11. If this Agreement shall be terminated pursuant to Section 9
hereof, neither the Company nor the Selling Stockholder shall then be under any
liability to any Underwriter except as provided in Sections 6 and 8 hereof; but,
if for any other reason any Shares are not delivered by or on behalf of the
Selling Stockholder as provided herein, the Company will reimburse the
Underwriters through you for all out-of-pocket expenses approved in writing by
you, including fees and disbursements of counsel, reasonably incurred by the
Underwriters in making preparations for the purchase, sale and delivery of the
Shares not so delivered, but the Company and the Selling Stockholder shall then
be under no further liability to any Underwriter in respect of the Shares not so
delivered except as provided in Sections 6 and 8 hereof.
12. In all dealings hereunder, you shall act on behalf of each of the
Underwriters, and the parties hereto shall be entitled to act and rely upon any
statement, request, notice or agreement on behalf of any Underwriter made or
given by you jointly or by Xxxxxxx, Xxxxx & Co. on behalf of you as the
representatives; and in all dealings with the Selling Stockholder hereunder, you
and the Company shall be entitled to act and rely only upon any statement,
request, notice or agreement
34
35
on behalf of the Selling Stockholder made or given by any or all of the
Attorneys-in-Fact for such Selling Stockholder.

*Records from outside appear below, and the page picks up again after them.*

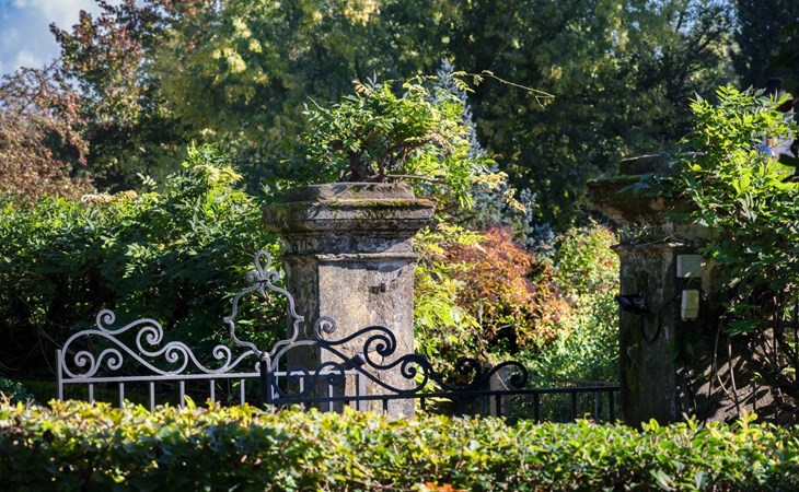 - komplett eingefriedet (mit Mauer, Zaun oder Hecke)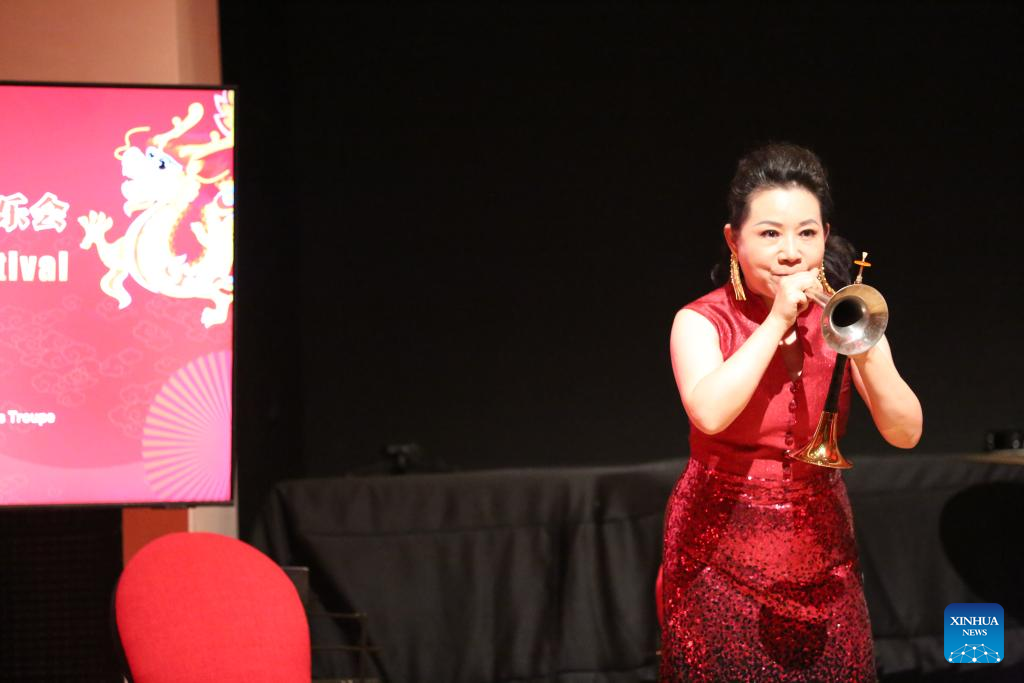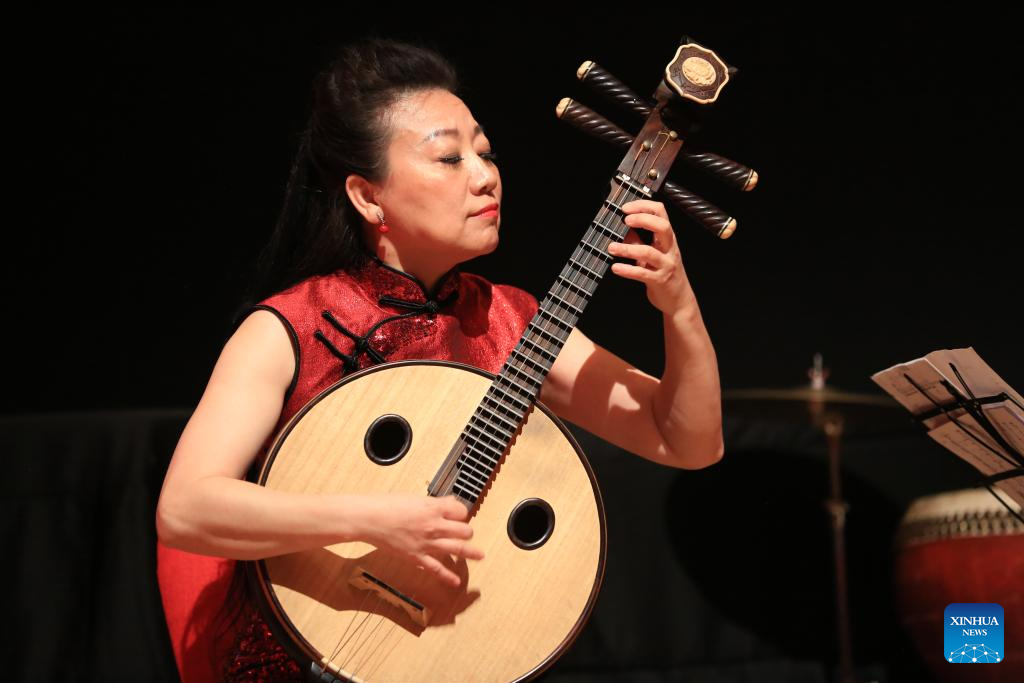 A Chinese artist performs during a Chinese Lantern Festival concert in Valletta, Malta, on Feb. 21, 2024. A concert for the Chinese Lantern Festival was held at Malta's China Cultural Center on Wednesday night, featuring classic Chinese songs such as "Give Me a Rose," "Nocturnal Peace," and "Moonlight over the Spring River." (Xinhua/Chen Wenxian)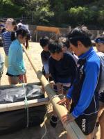 今日の昼休みは、「全校遊びの日」です。全校児童が、みんなで「バナナおに」をしています。 ※ 逃げろ~!(白ぼうしの人)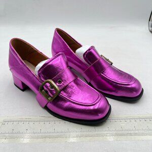 YDN Purple Square Toe Loafers Slip on Block Low Heel Pumps Buckle Fashion Shoes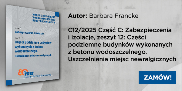 | | | | Części podziemne budynków wykonanych z betonu wodoszczelnego. Uszczelnienia miejsc newralgicznych | | | | | Skuteczne zabezpieczenie miejsc szczególnie narażonych na działanie wilgoci i wody w konstrukcjach podziemnych to jeden z kluczowych elementów trwałości i niezawodności obiektu. Szczelność płyt dennych oraz ścian piwnic wymaga nie tylko odpowiedniej technologii betonu, ale również prawidłowo zaprojektowanych i wykonanych detali uszczelniających. Niniejsza publikacja przedstawia zbiór zaleceń wspomagających realizację tych celów. | | | | Opracowanie odnosi się do zasad wykonywania oraz odbioru uszczelnień w newralgicznych punktach konstrukcyjnych części podziemnych budynków i budowli, w których płyta denna i ściany piwnic wykonane zostały z betonu o klasie wodoszczelności minimum W8. Dokument ma na celu ujednolicenie podejścia projektowego i wykonawczego, zapewniając przejrzyste wytyczne techniczne dla wszystkich uczestników procesu budowlanego. | | | | | | | | W treści uwzględniono również dodatkowe zalecenia obejmujące sposób odprowadzania wody z powierzchni posadzki w strefach podziemnych, a także klasyfikację betonu stosowanego w projektowaniu rozwiązań uszczelniających. Należy przy tym podkreślić, że opracowanie nie zawiera procedur oceny właściwości betonu użytego w elementach konstrukcyjnych. | | | | Zeszyt zawiera zestaw wymagań dotyczących dokumentacji technicznej, zasad dopuszczania materiałów uszczelniających do stosowania w budownictwie, warunków wykonania robót uszczelniających oraz kryteriów ich odbioru. | | | | | | Dane osobowe są przetwarzane zgodnie z wytycznymi polityki prywatności oraz z Ustawą o ochronie danych osobowych Dz.U. 2018 poz. 1000 z dnia 10 maja 2018 r. W sprawach związanych z Ochroną Danych Osobowych prosimy kontaktować się na adres odo@medium.media.pl | | Administratorem Państwa danych osobowych jest Grupa MEDIUM Spółka z ograniczoną odpowiedzialnością Sp.K., nr KRS: 0000537655, z siedzibą w 04-112 Warszawa, ul. Karczewska 18, tel. +48 22 810-21-24, właściciel strony www.izolacje.com.pl | | | You received this email because you signed up on our website or made a purchase from us. | | | Wypisz się | | | | |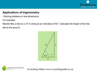 This document discusses applications of trigonometry, including solving problems in two dimensions like calculating the height of a kite on a string at an angle. It also covers finding the height of buildings and calculating angles of elevation and depression. More practice problems can be found on the listed website.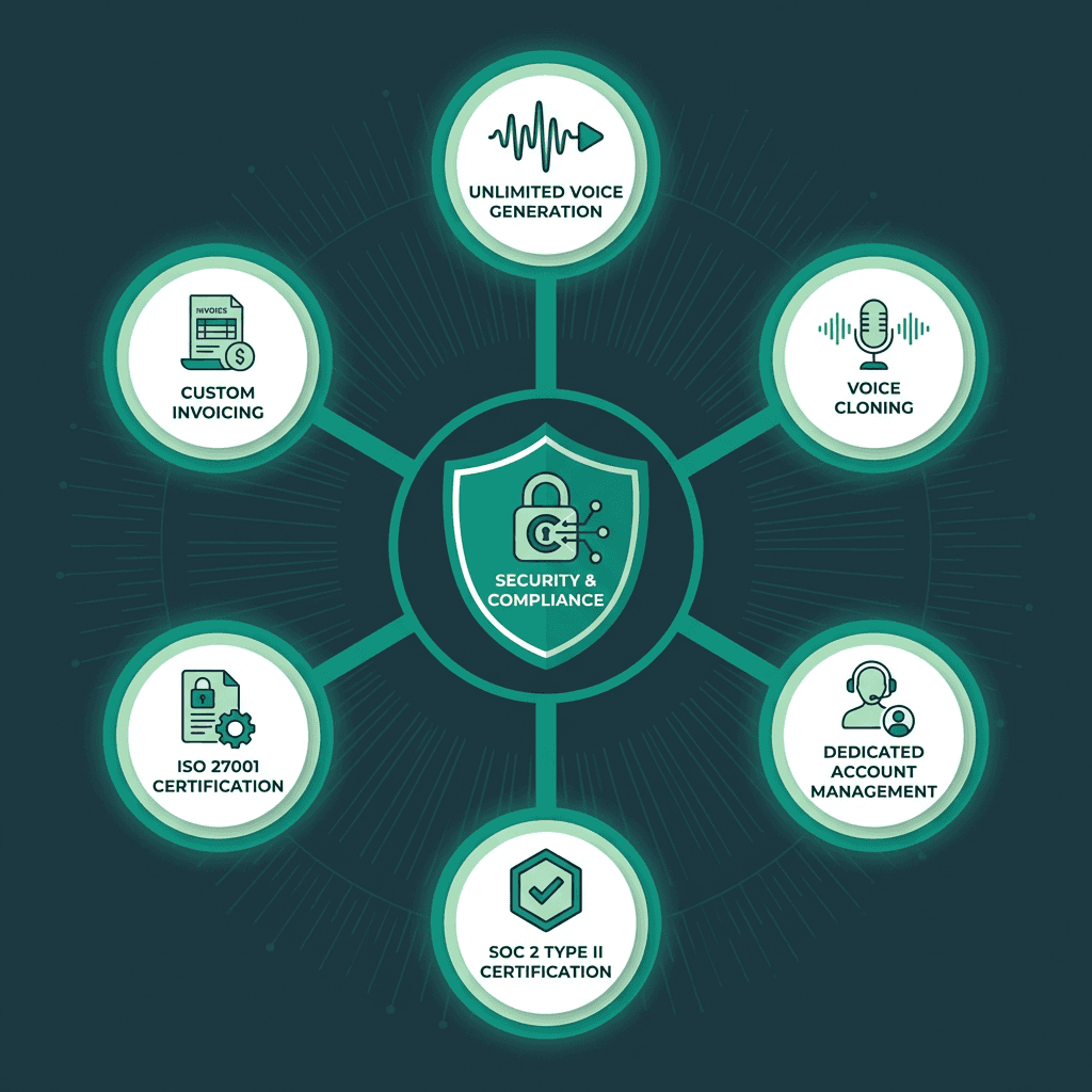 Enterprise: Custom pricing. Unlimited voice generation, SOC 2 and ISO 27001 compliance, dedicated account manager, voice cloning.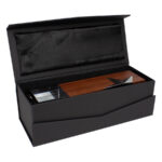Elegante Trofeo de Madera y Cristal modelo “Silver Star””. Incluye estrella de acero inoxidable en una de las aristas de madera. Presentación en caja de cartón forrado negro con cierre imantado, interior acolchado de espuma y tela poliéster satinado negro, con troquel.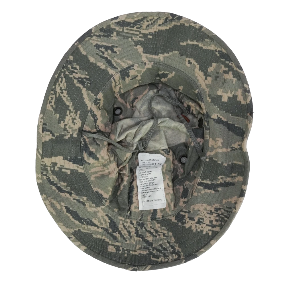 US Air Force ABU boonie hat in Size 7 1/4. Features the ABU camouflage pattern and a wide brim for coverage.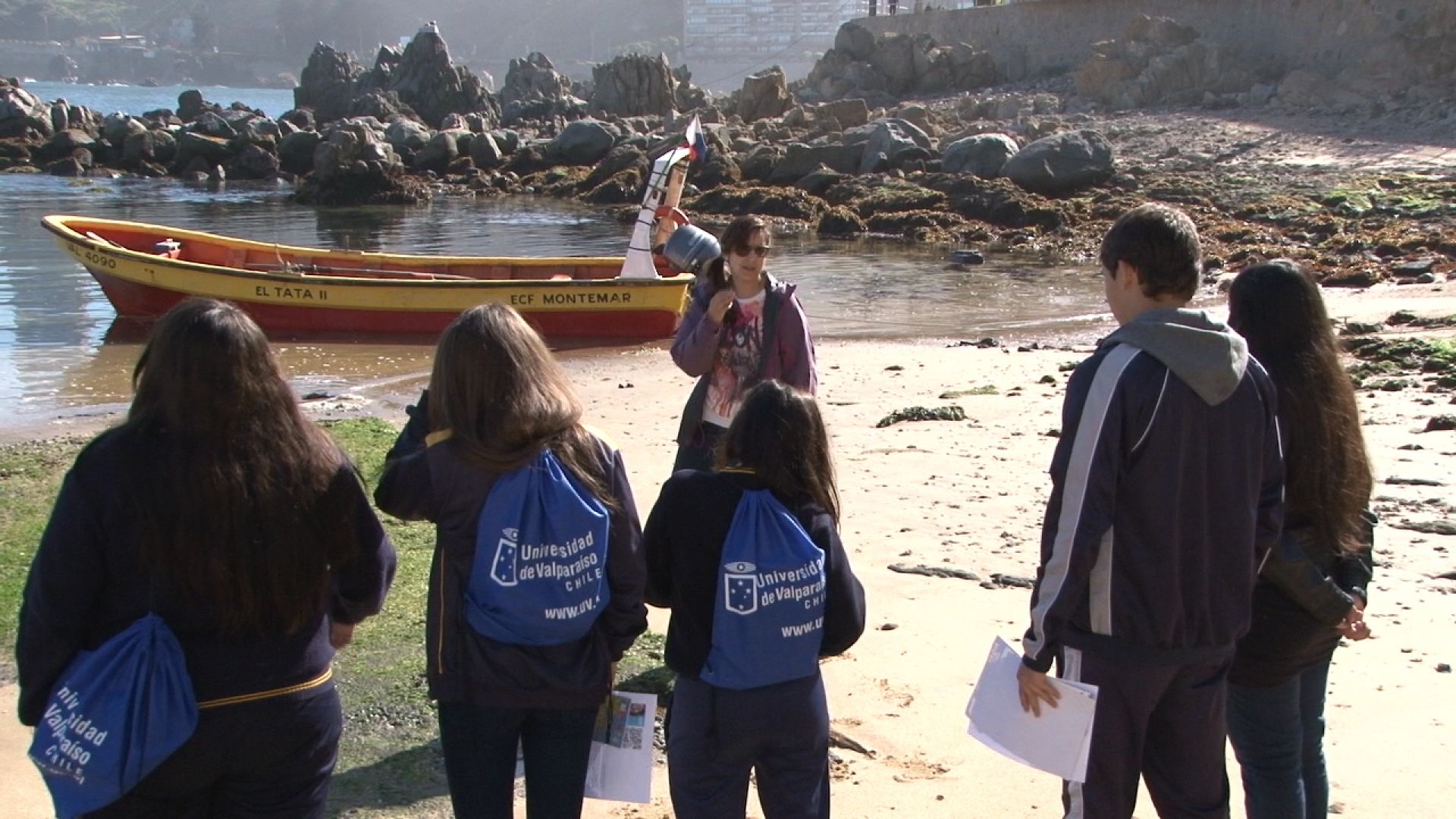Tras la bienvenida, de inmediato salieron a terreno, para estudiar el entorno del área marina protegida de Montemar. En esta primera sesión el objetivo era observar la distribución que presenta la flora intermareal, reconocer el patrón universal de zonación identificado por científicos y recolectar las especies más representativas.

All statements, requests, notices and agreements hereunder shall be in
writing, and if to the Underwriters shall be delivered or sent by mail, telex or
facsimile transmission to you as the representatives in care of Xxxxxxx, Sachs &
Co., 00 Xxx Xxxx, 00xx Xxxxx, Xxx Xxxx, Xxx Xxxx 00000, Attention: Registration
Department; if to the Selling Stockholder shall be delivered or sent by mail,
telex or facsimile transmission to the Selling Stockholder at its address set
forth in Schedule ll hereto; and if to the Company shall be delivered or sent by
mail, telex or facsimile transmission to the Company in care of Amdocs, Inc.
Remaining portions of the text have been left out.